3. Michael and I were riding the subway downtown one weekend, at a stop this crazy wild man dressed in a costume of black pants and a puffy white shirt boards the train with some kind of suitcase contraption. It turns out the suitcase is a little table – he sets it up in the middle of the subway car and starts to perform magic tricks. The entire time he is dashing up and down the car and yelling things either in a foreign language or maybe he was using special words to conjure up his magic. It was fascinating in that car crash kind of way, you didn’t want to make eye contact but you wanted to see what he was doing. Well of course at one point he notices I’m watching the show – he comes right in front of me with a covered metal dish. He shows me and everyone in the area the dish is empty, he covers the dish and hands me a “magic” wand. He then tells me to tap the dish with the wand, when I tap the dish he shouts out a few “magic” words, opens the dish and out flies a small bird! The bird lands right in his hand and the show is over. Well we had to give him a dollar for that level of entertainment (in general I usually will give a dollar to the performers but not the people that just come through the cars with a hand out – I feel like they need to work for the money). I always wondered what I would do if I was on the subway and it was like the movie “Borat” and someone pulled a chicken out of a suitcase – hopefully this is the closest I will come to that situation. It certainly was unexpected (and yes, I let out a little screech when the bird came flying out of the dish).
2. Yet another time Michael and I were riding the subway.
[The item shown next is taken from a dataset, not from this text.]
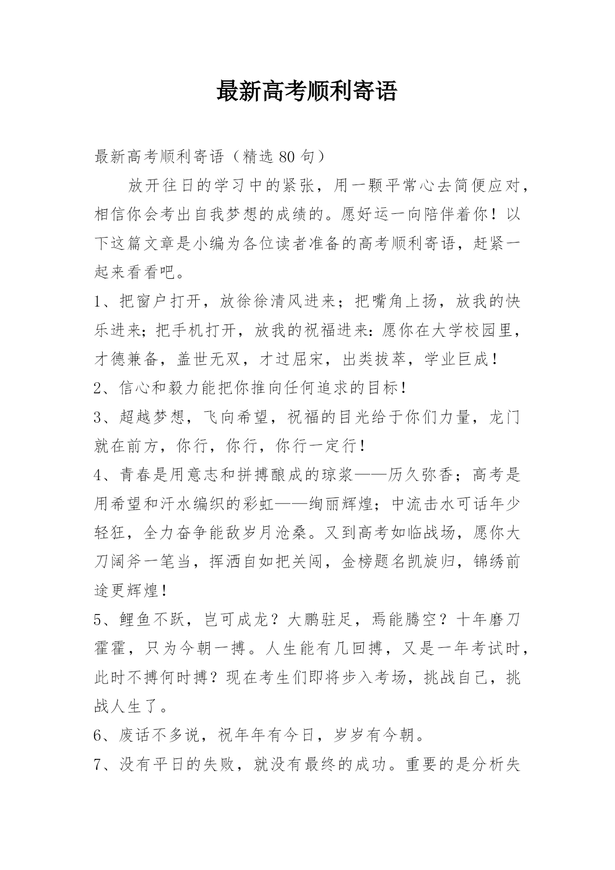 最新高考顺利寄语最新高考顺利寄语(精选80句)放开往日的学习中的紧张,用一颗平常心去简便应对,相信你会考出自我梦想的成绩的。愿好运一向陪伴着你!以下这篇文章是小编为各位读者准备的高考顺利寄语,赶紧一起来看看吧。1、把窗户打开,放徐徐清风进来;把嘴角上扬,放我的快乐进来;把手机打开,放我的祝福进来:愿你在大学校园里,才德兼备,盖世无双,才过屈宋,出类拔萃,学业巨成!2、信心和毅力能把你推向任何追求的目标!3、超越梦想,飞向希望,祝福的目光给于你们力量,龙门就在前方,你行,你行,你行一定行!4、青春是用意志和

The train was mildly crowded, meaning all of the seats are full and some people were standing in the aisle. A young man entered the car from one end, walked to the middle of the car and turned on a boom box. He then proceeded to do dance/gymnastic moves in the aisle of the car. He was flipping upside down and flipping sideways using the poles and overhead bars. It was awesome, he had incredible upper body strength – I’ve never seen anything like it. He even got a round of applause when he his performance ended.
1. This happened pretty soon after I moved to NYC - it was a Friday night and I was meeting Michael to go out after work. I got on the train and it was relatively crowded, I was standing in the back corner and there was a gentleman right next to me. He was obviously mentally challenged (he had the look and he was wearing his ID and subway card in a pouch around his neck). At one point I smile at him just to be friendly (you would think this incident would have cured me of trying to be nice to people on the train – but no….) Well that of course was an open invitation for him to start talking to me. Next thing you know he tells me he has something to show me (uh oh – I’m a little concerned at this point, you know it isn’t anything good) and he starts fumbling around the inside pocket of his jacket. He pulls out a plastic badge with a pair of golden boobs and it says “Boob Inspector”. Wow, awesome – this is a great city…..thankfully it was my stop and I hustled out the door. (And even if it wasn’t my stop you know I would have been off that car so fast – there was no good end to that conversation.)